No piense vuesarced, que harto ha pensado, 
y esto sin dar cuidado a pensamientos. 
 Lacayo. 
(¡Ya escampa!) 
 Lucía. 
Ya penetra tus intentos. 
Juana. 
Penetre. Porque más no me congoje, 
yo le diré quién es, aunque se enoje. 
¿Qué tiene vuesarced, que está suspenso? 
 Lacayo. 
¿Qué ha de tener quien rinde al amor censo? 
 Juana. 
¿Tanto ama? 
 Lacayo. 
Es mi fuego tan sobrado, 
que el corazón me tiene medio asado. 
¿Ha visto un tostador, donde hay castañas, 
que ostenta por resquicios las entrañas, 
y éste, sobre un alnafe acomodado, 
está siempre de brasa rodeado, 
y contino le soplan con ventalle 
sin el aire que pasa por la calle? 
Pues este corazón, enternecido, 
al dicho tostador, tan parecido, 
sufre de amor tal fuego, que se abrasa; 
y este tormento, por amarte pasa, 
más fijo siempre en esta pena fiera 
que en una esquina está una castañera. 
 Juana. 
(Lucía amiga, aquesto va perdido.) 
 Lucía. 
(¿Cómo?) 
 Juana. 
(Que el socarrón me ha conocido.) 
 Lacayo. 
Piquela y repiquela. 
 Juana. 
 ¡Oh picarote! 
Lacayo, 
Y este pique y repique traen capote. 
Ya vuesarced, señora, me ha entendido. 
¿El camino difícil está llano? 
 Juana. 
Digo que eres mi esposo.
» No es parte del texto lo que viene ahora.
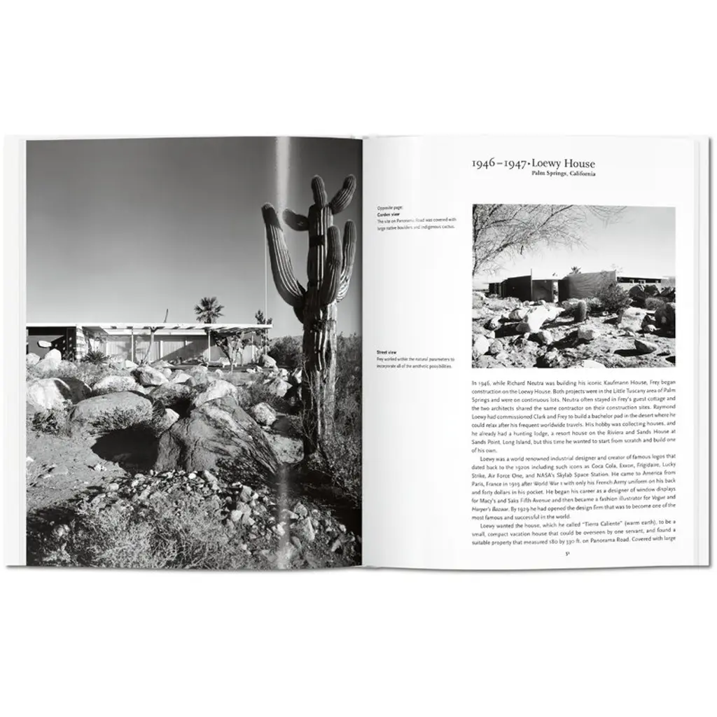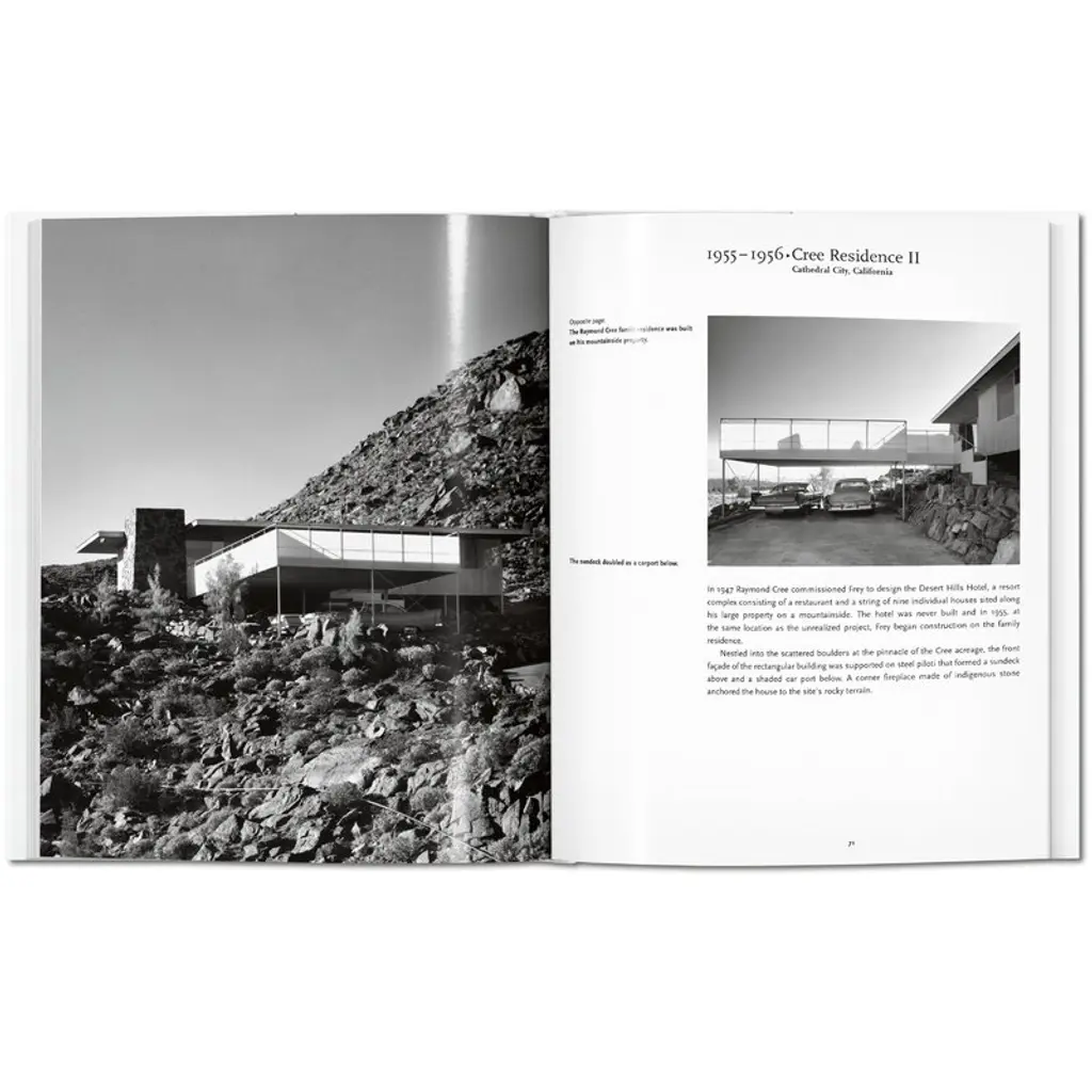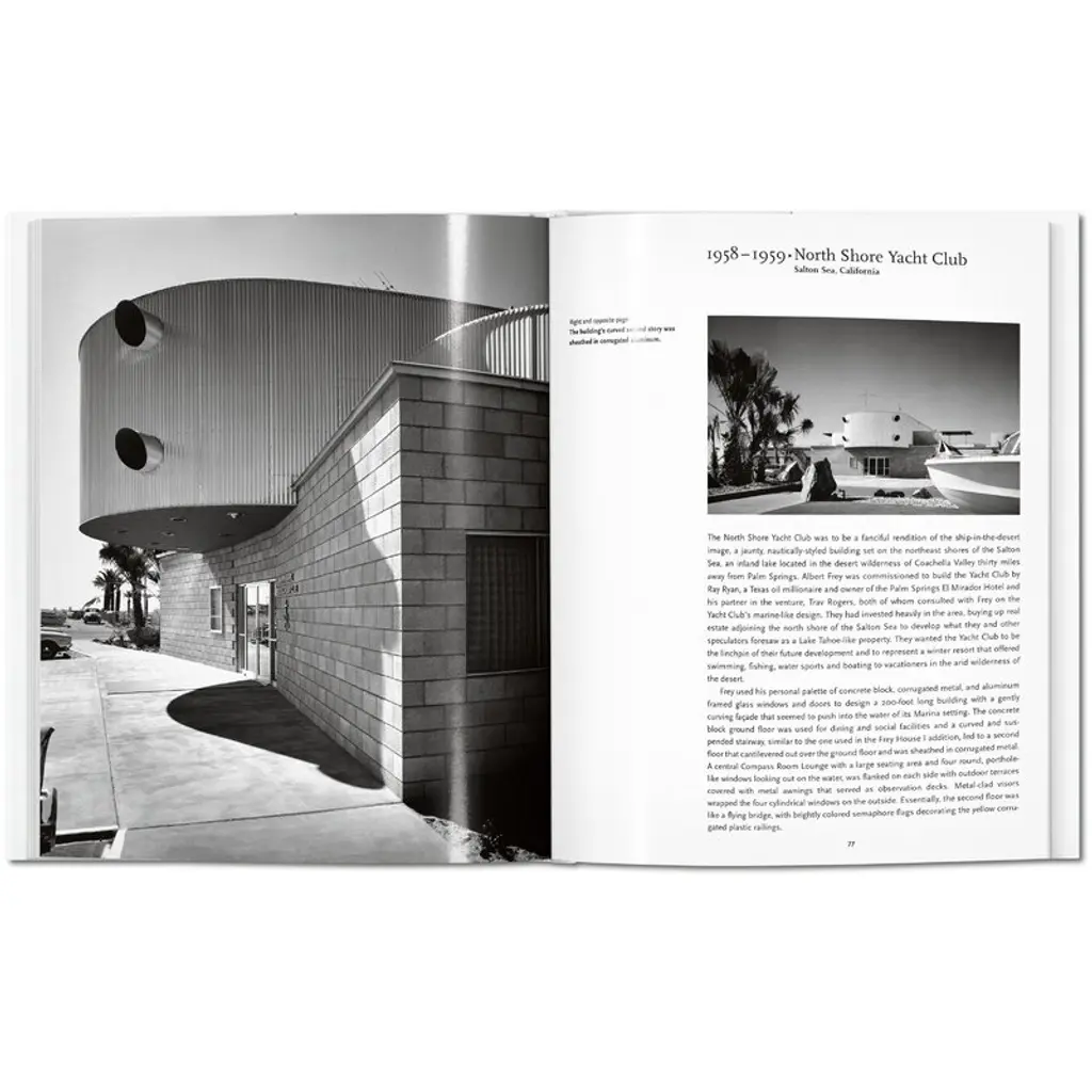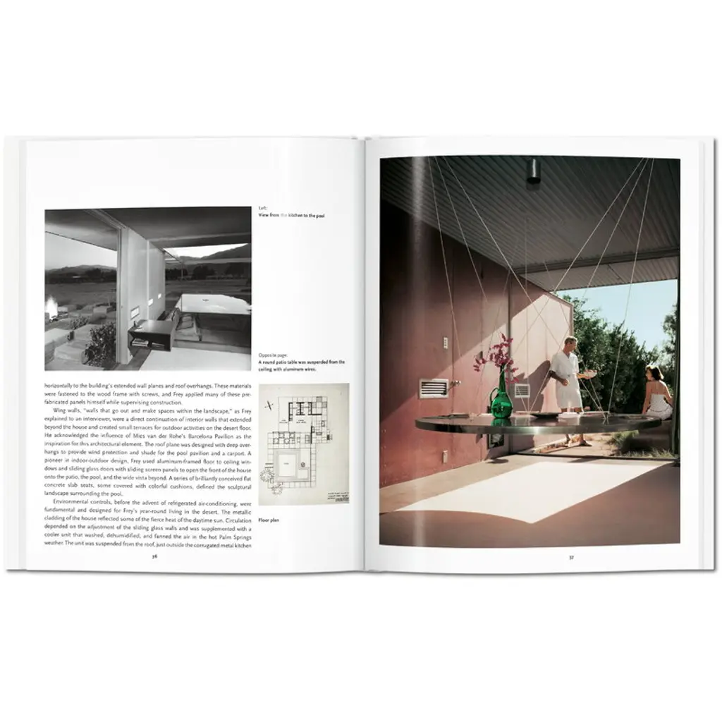 Albert Frey, published by Taschen, provides a compact insight into the career of the architect Albert Frey who become well-known for his unique “desert modernism.” Swiss-born Frey brought the legacy of Bauhaus, De Stijl and Le Corbusier to the West Coast of the United States, leaving his imprint on the architecture of the rough, arid landscapes of California and Palm Springs. Written by architectural historian and author Gloria Koenig, the book is part of Taschen's Basic Architecture series that presents the life and work of internationally renowned architects with approximately 120 photographs, sketches and drafts. The series has been edited by German art historian Peter Gössel. Meet desert modernist Albert Frey, the Zurich-born architect who brought notes of Bauhaus, De Stijl, and Le Corbusier to the West Coast. From his European beginnings, Frey developed a unique architectural brand, one that would redefine midcentury California through sleek, leisurely structures nestled among the arid landscapes of Palm Springs and beyond.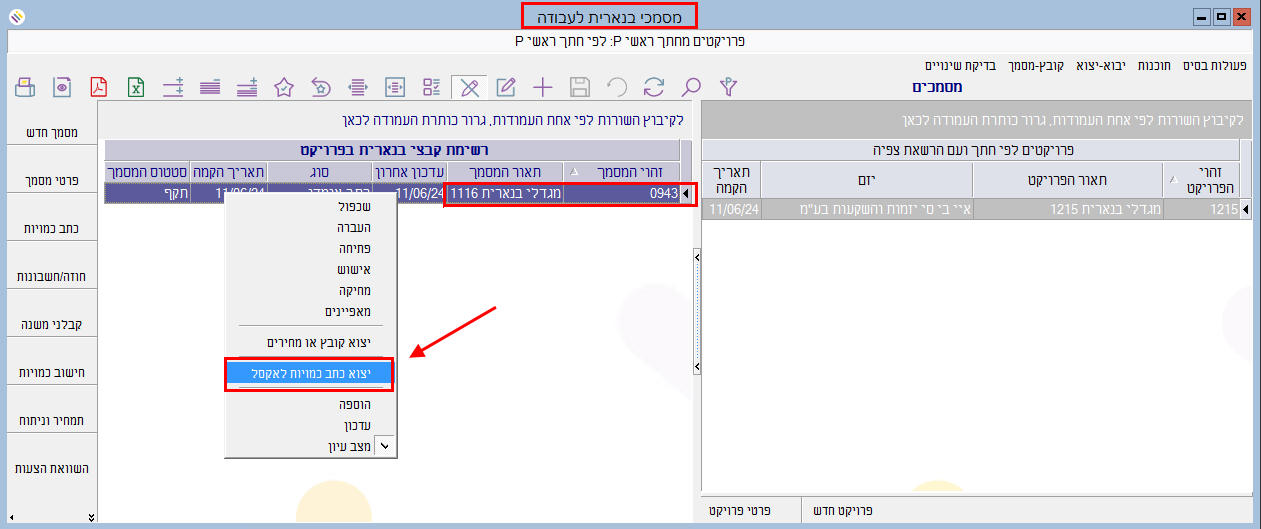 1. במסך “מסמכי בנארית לעבודה” ללחוץ לחיצה ימנית בעכבר על הקובץ שרוצים לייצא לאקסל, ובתפריט שנפתח לבחור בפקודה “יצוא כתב כמויות לאקסל”: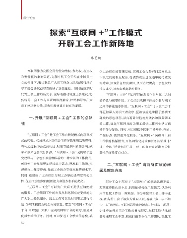 “互联网 + 工会”是工会工作由传统模式向新型模 个性特点,提供差异化服务。“互联网 +”突破自上而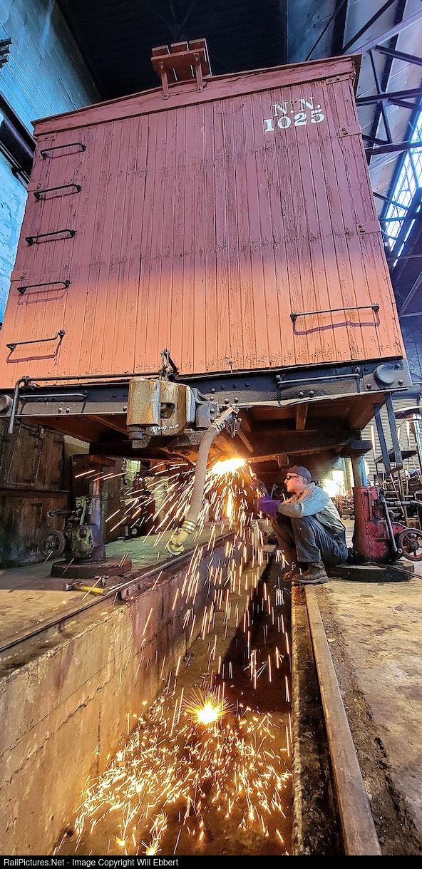 | Nick Scheresky uses an acetylene torch to cut off a bolt on the frame of one of the Nevada Northern's original wood boxcars. Keeping hundred year old equipment in service is the name of the game at this unique museum. |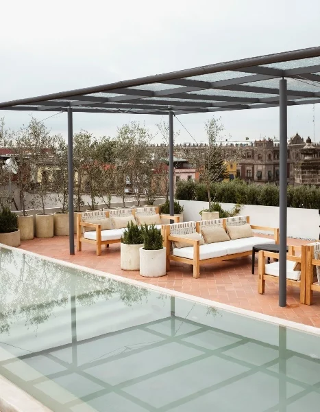 Fiel al estilo minimalista de este hotel boutique de Grupo Habita, en un edificio del siglo XIX, la alberca es un espejo de agua en pleno Centro Histórico. En la terraza predominan los colores blanco y negro en mobiliario, y destaca la decoración con lavanda. Desde aquí puedes contemplar la Catedral Metropolitana y el Templo Mayor.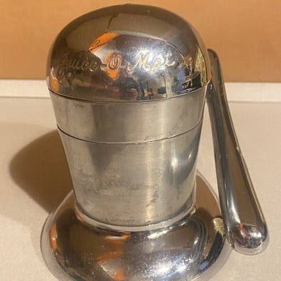 Vintage, et flot blikfang i køkkenet eller baren til at knuse is til drinks. Den er særligt eftertragtet af samlere af Omre-artikler.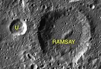 ![]() Снимок зонда Lunar Reconnaissance Orbiter. Кратер Рамзей в центре снимка, вверху сателлитный кратер Жюль Верн P. | |

Esta es mi mano. 
 Lucía. 
Bueno lo vas pasando, por mi vida. 
 Juana. 
Pues ¿qué he de hacer, si soy ya conocida? 
 Lacayo. 
Los músicos traía , prevenidos , 
con tres lacayos todos conocidos. 
Salgan con las vecinas y bailemos, 
y estas alegres bodas celebremos. 
Baile. 
 
Una niña hermosa 
 que subió el amor 
 de tostar castañas 
 a más presunción; 
 para casamiento 
 galanes juntó, 
 y entre cuatro amantes 
 escogió el peor. 
Oigan , tengan , pasen , 
escuchen y den atención, 
que hoy se juntan la almohaza y el tostador. 
 La que con donaire 
de los tres fisgó, 
en el cuarto halla 
tretas de fisgón. 
Lacayo profeso 
por marido halló, 
la que para dama 
hace aprobación. 
Oigan , tengan , pasen , 
escuchen y den atención, 
que hoy se juntan la almohaza y el tostador. 
Castañeras que estáis en Madrid, 
venid, venid, venid a la fiesta, 
pregonando castaña cocida enjerta. 
Lacayitos de almohaza y mandil, 
venid, venid, venid a la boda 
pregonando miseria con calzas rotas.